Imprecise Consonants
Primary articulatory error in UUMND arising from unilateral lower-face and tongue weakness.
Reduced Loudness
Soft speech that may accompany UUMND when respiratory drive is decreased or vocal fold closure is weak.
Slow Rate
Overall reduced speech tempo, a prosodic feature that can improve intelligibility in UUMND.
SLOB Strategy
Compensatory cue—Speak Slowly, Speak Loudly, Over-articulate, Breathe—to enhance clarity in dysarthria.
Intelligibility Drills
Structured articulation exercises where the speaker produces words/phrases for listener identification to improve clarity.
Phonetic Placement
Therapy technique that teaches specific articulator positions to achieve accurate consonant production.
Minimal Contrast Drills
Practice pairs differing by one phoneme (e.g., “bat” vs. “pat”) to refine precise articulation.
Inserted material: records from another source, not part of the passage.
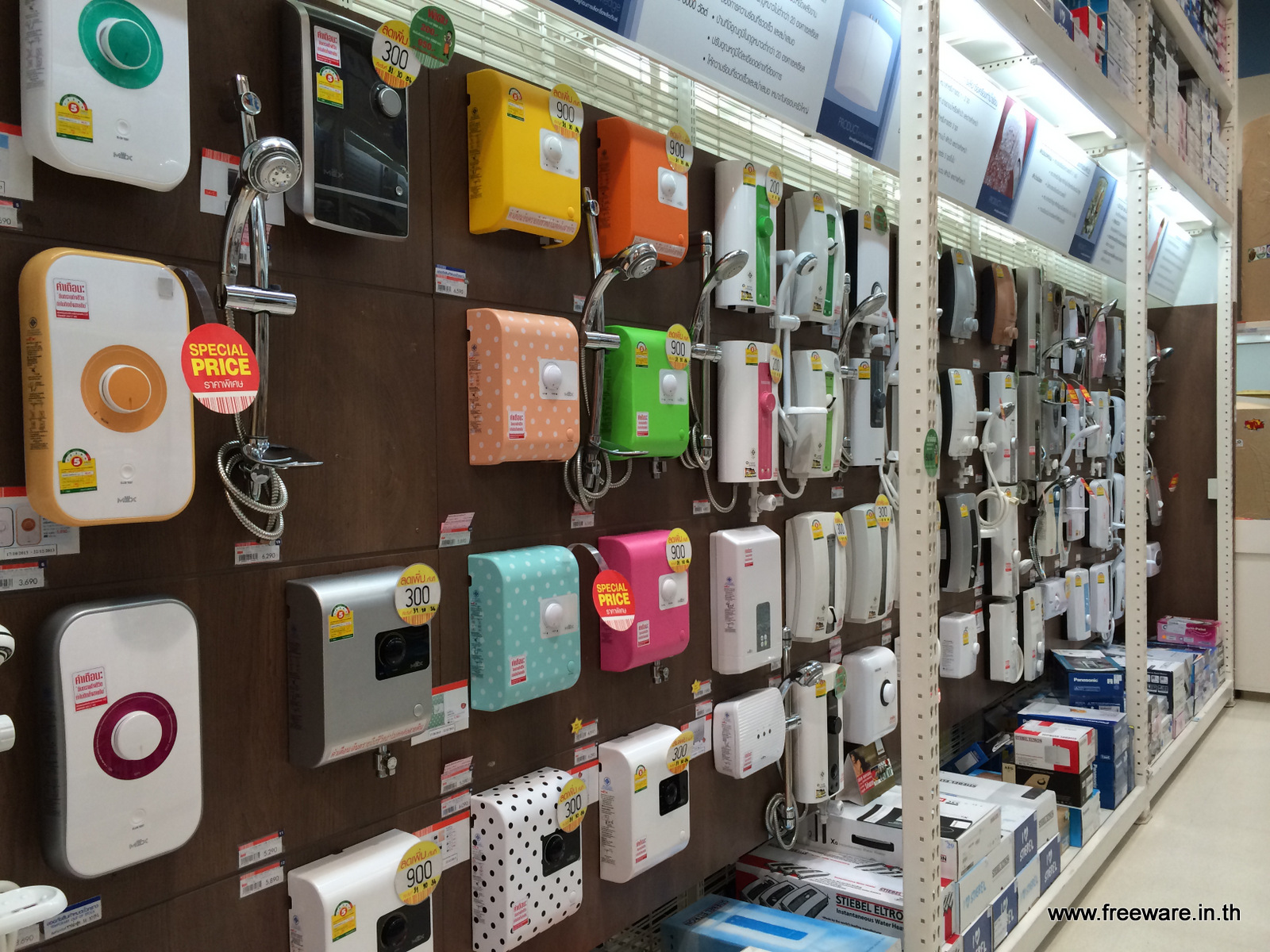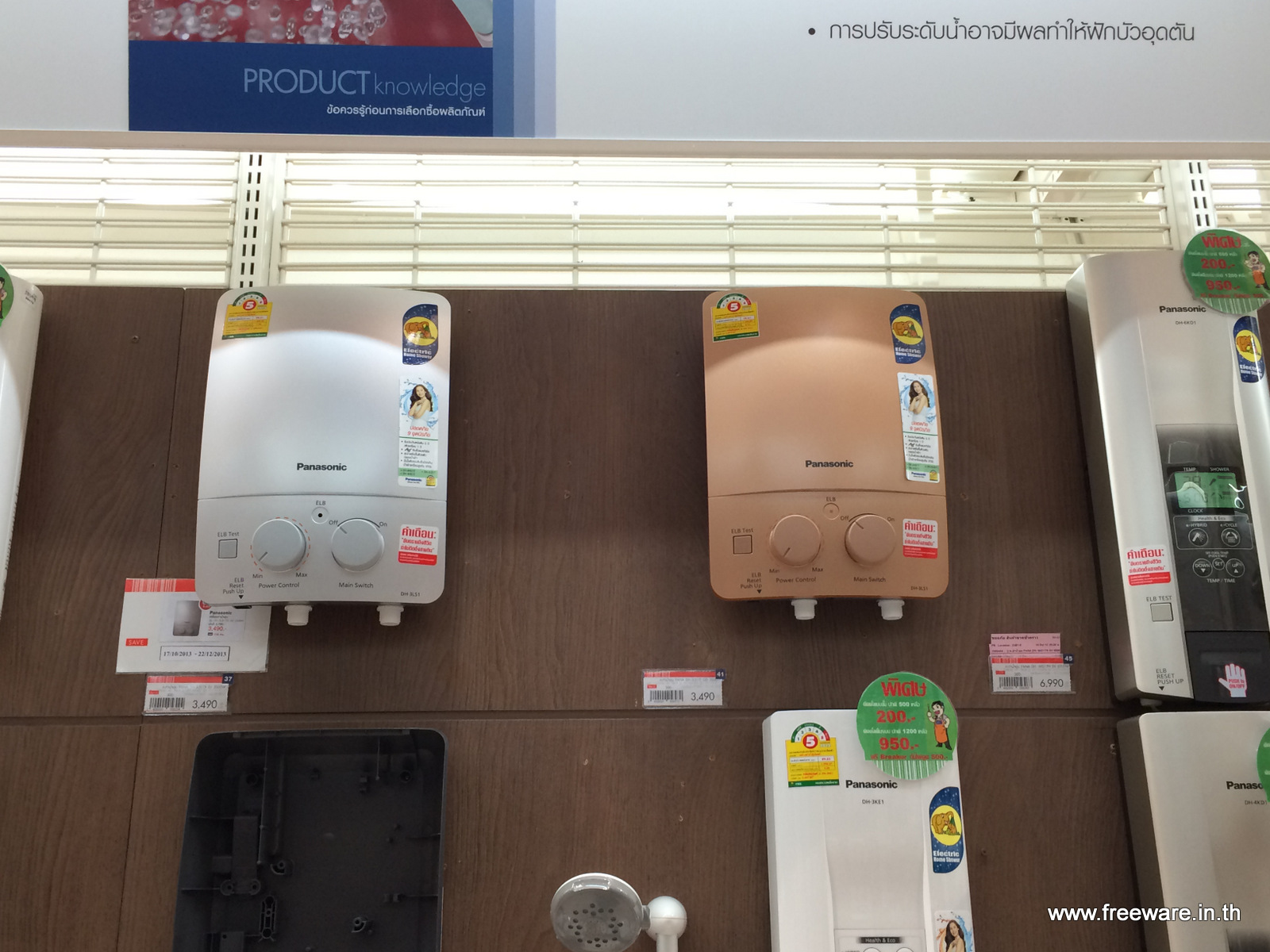เท่าที่ลอง Post สอบถามใน Facebook กับ Twitter มา ก็พบว่ายี่ห้อที่คนแนะนำก็คือ Panasonic ก็เลยไปด้อมๆมองๆที่ HomePro เพื่อหาซื้อซักรุ่นกลับมาเปลี่ยนครับ แต่ทว่าเมื่อเดินไปถึงบูทเครื่องทำน้ำอุ่น ปรากฏว่า
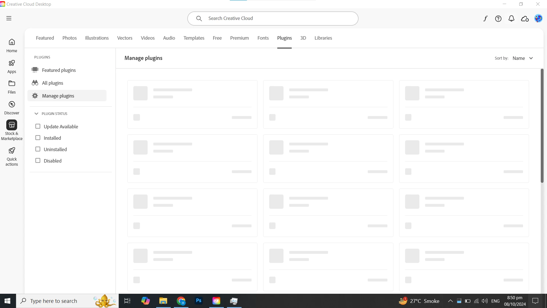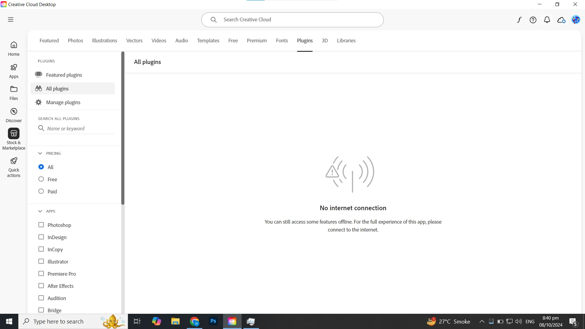my all plugins tab is not opening in adobe creative cloud and showing that you have not internet connection but my device has active internet connection and manage plugin tab not loading
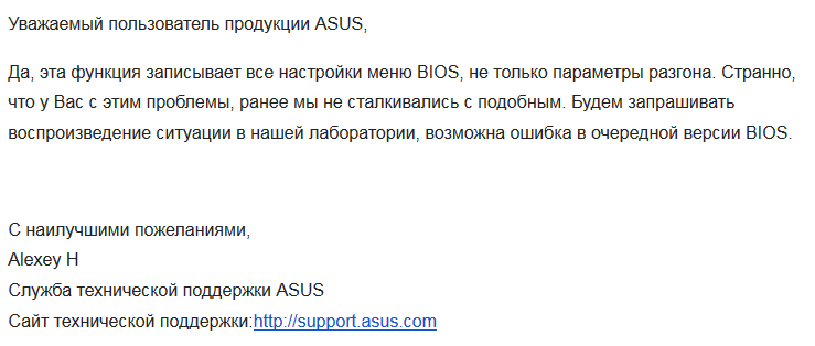 Плата Asus z170 deluxe. При попытке сохранить настройки Bios ( ASUS Overclock Profile) находясь в bios на Usb накопитель ,ничего не происходит.Причём bios определяет usb накопитель и его структуру.Появляется окно с вопросом "сохранить ?" и при нажатии "ок" настройки не сохраняются.Ошибки не выдаются....просто ничего не происходит..Пытался использовать несколько usb накопителей с файловыми системами fat32-ntfs-exfat. Решения до сих пор нет.... На данный момент вышло уже 15 обновлений Bios!
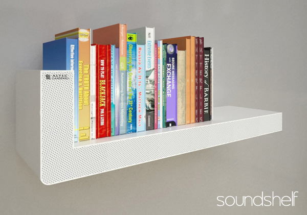 From the Bookshelf blog–yes, an entire blog about bookshelves–comes this useful combo. It’s both a bookshelf and a speaker. It was designed by Witek Stefaniak and Anielka Zdanowicz of Poland as part of a competition sponsored by designboom magazine.–David E

Alternating-Motion Rate Testing
Oral mech task measuring rapid repetitive syllables to detect slowness or irregularity characteristic of UUMND.
Over-Diagnosis
Risk of labeling spastic or ataxic dysarthrias as UUMND; clinicians must integrate perceptual, physical, and imaging data.
Ataxic Variant of UUMND
Subtype where incoordination predominates despite a unilateral UMN lesion, often involving white-matter pathways.
Spastic Variant of UUMND
Subtype in which strained voice and slow AMRs suggest spasticity even though the lesion is unilateral.
Weakness Variant of UUMND
Common presentation marked mainly by unilateral facial/tongue weakness with mild speech disturbance.
Pseudobulbar Affect
Involuntary emotional expression (crying/laughter) sometimes accompanying bilateral or severe UMN lesions.
Apraxia of Speech (AOS)
Motor-planning disorder often co-occurring with left-hemisphere UUMND, characterized by inconsistent articulatory errors and groping.
Aphasia
Language impairment that may mask or overshadow dysarthria when a unilateral cortical stroke affects language areas.
Aprosodia
Impaired emotional prosody, typically from right-hemisphere damage; can co-occur with right-side UUMND.
Corona Radiata
Fan-shaped white-matter fiber system connecting cortex to internal capsule; common site for small strokes causing UUMND.
Internal Capsule
Compact white-matter tract where corticobulbar and corticospinal fibers converge; unilateral lesions often cause UUMND.
Corticobulbar Tract
UMN pathway from cortex to cranial-nerve nuclei; lesions here produce cranial muscle weakness indicated in UUMND.
Corticospinal Tract
UMN pathway from cortex to spinal motor neurons; unilateral damage yields contralateral limb weakness often accompanying UUMND.
Reticular Formation
Brain-stem network participating in the indirect activation pathway; contributes to tone and reflex control affected by UMN lesions.